# [EXERCISE]
The lines from the first line of the entries through the line containing "圖為張福麗博士查看李紅彥家大棚油桃長勢。" are to be repeated exactly, with both of those lines included.
──────── DATA EXCERPTS ────────
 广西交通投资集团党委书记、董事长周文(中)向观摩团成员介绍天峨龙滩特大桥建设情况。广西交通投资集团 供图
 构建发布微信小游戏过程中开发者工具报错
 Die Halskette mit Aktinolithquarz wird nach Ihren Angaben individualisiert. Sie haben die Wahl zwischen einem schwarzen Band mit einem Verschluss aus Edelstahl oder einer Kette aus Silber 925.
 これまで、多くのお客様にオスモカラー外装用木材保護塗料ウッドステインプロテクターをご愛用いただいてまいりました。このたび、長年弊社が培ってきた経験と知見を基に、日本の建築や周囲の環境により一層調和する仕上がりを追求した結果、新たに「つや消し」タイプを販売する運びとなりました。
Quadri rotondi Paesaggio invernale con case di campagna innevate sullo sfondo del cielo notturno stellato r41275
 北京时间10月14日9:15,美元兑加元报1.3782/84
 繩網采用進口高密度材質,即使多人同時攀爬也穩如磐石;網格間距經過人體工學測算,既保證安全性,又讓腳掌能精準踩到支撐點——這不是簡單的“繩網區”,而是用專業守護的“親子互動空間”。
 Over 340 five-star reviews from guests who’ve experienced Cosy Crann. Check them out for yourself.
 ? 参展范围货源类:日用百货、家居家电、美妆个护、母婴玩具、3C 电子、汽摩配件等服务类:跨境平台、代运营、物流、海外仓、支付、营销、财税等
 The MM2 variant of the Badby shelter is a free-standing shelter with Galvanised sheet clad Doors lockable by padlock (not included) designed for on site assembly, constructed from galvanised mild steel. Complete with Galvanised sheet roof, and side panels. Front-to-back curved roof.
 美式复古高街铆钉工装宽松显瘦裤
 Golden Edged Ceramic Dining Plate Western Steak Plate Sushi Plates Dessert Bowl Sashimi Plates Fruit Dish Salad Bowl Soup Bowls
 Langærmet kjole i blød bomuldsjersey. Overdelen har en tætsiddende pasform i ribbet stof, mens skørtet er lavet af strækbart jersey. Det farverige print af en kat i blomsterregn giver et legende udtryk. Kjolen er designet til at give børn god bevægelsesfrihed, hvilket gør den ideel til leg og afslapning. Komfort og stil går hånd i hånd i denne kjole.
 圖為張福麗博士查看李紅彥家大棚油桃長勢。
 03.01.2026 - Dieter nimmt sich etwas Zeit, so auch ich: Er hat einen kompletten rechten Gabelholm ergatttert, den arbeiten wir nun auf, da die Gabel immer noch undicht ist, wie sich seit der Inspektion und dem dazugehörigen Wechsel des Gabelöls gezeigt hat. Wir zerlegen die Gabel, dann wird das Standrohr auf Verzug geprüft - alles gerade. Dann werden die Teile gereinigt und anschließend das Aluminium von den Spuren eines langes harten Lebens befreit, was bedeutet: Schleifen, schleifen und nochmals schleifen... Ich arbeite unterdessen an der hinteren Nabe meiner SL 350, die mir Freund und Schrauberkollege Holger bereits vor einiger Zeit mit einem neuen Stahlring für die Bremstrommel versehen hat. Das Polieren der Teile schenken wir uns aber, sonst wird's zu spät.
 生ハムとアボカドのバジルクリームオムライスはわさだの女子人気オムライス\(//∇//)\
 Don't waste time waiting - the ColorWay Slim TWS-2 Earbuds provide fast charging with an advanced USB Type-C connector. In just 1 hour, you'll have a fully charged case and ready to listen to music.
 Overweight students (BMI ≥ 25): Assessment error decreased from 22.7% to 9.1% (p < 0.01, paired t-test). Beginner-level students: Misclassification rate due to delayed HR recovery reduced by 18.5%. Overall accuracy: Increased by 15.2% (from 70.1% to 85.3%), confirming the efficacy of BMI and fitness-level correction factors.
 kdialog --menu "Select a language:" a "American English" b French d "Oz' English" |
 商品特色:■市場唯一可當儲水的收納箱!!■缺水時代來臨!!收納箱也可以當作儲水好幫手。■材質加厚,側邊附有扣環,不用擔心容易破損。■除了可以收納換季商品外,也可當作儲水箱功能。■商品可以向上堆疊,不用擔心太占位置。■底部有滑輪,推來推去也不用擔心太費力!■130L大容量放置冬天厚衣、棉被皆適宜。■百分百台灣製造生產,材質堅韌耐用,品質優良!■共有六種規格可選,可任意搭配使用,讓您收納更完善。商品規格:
────────
# [EXERCISE OUTPUT]
 广西交通投资集团党委书记、董事长周文(中)向观摩团成员介绍天峨龙滩特大桥建设情况。广西交通投资集团 供图
 构建发布微信小游戏过程中开发者工具报错
 Die Halskette mit Aktinolithquarz wird nach Ihren Angaben individualisiert. Sie haben die Wahl zwischen einem schwarzen Band mit einem Verschluss aus Edelstahl oder einer Kette aus Silber 925.
 これまで、多くのお客様にオスモカラー外装用木材保護塗料ウッドステインプロテクターをご愛用いただいてまいりました。このたび、長年弊社が培ってきた経験と知見を基に、日本の建築や周囲の環境により一層調和する仕上がりを追求した結果、新たに「つや消し」タイプを販売する運びとなりました。
Quadri rotondi Paesaggio invernale con case di campagna innevate sullo sfondo del cielo notturno stellato r41275
 北京时间10月14日9:15,美元兑加元报1.3782/84
 繩網采用進口高密度材質,即使多人同時攀爬也穩如磐石;網格間距經過人體工學測算,既保證安全性,又讓腳掌能精準踩到支撐點——這不是簡單的“繩網區”,而是用專業守護的“親子互動空間”。
 Over 340 five-star reviews from guests who’ve experienced Cosy Crann. Check them out for yourself.
 ? 参展范围货源类:日用百货、家居家电、美妆个护、母婴玩具、3C 电子、汽摩配件等服务类:跨境平台、代运营、物流、海外仓、支付、营销、财税等
 The MM2 variant of the Badby shelter is a free-standing shelter with Galvanised sheet clad Doors lockable by padlock (not included) designed for on site assembly, constructed from galvanised mild steel. Complete with Galvanised sheet roof, and side panels. Front-to-back curved roof.
 美式复古高街铆钉工装宽松显瘦裤
 Golden Edged Ceramic Dining Plate Western Steak Plate Sushi Plates Dessert Bowl Sashimi Plates Fruit Dish Salad Bowl Soup Bowls
 Langærmet kjole i blød bomuldsjersey. Overdelen har en tætsiddende pasform i ribbet stof, mens skørtet er lavet af strækbart jersey. Det farverige print af en kat i blomsterregn giver et legende udtryk. Kjolen er designet til at give børn god bevægelsesfrihed, hvilket gør den ideel til leg og afslapning. Komfort og stil går hånd i hånd i denne kjole.
 圖為張福麗博士查看李紅彥家大棚油桃長勢。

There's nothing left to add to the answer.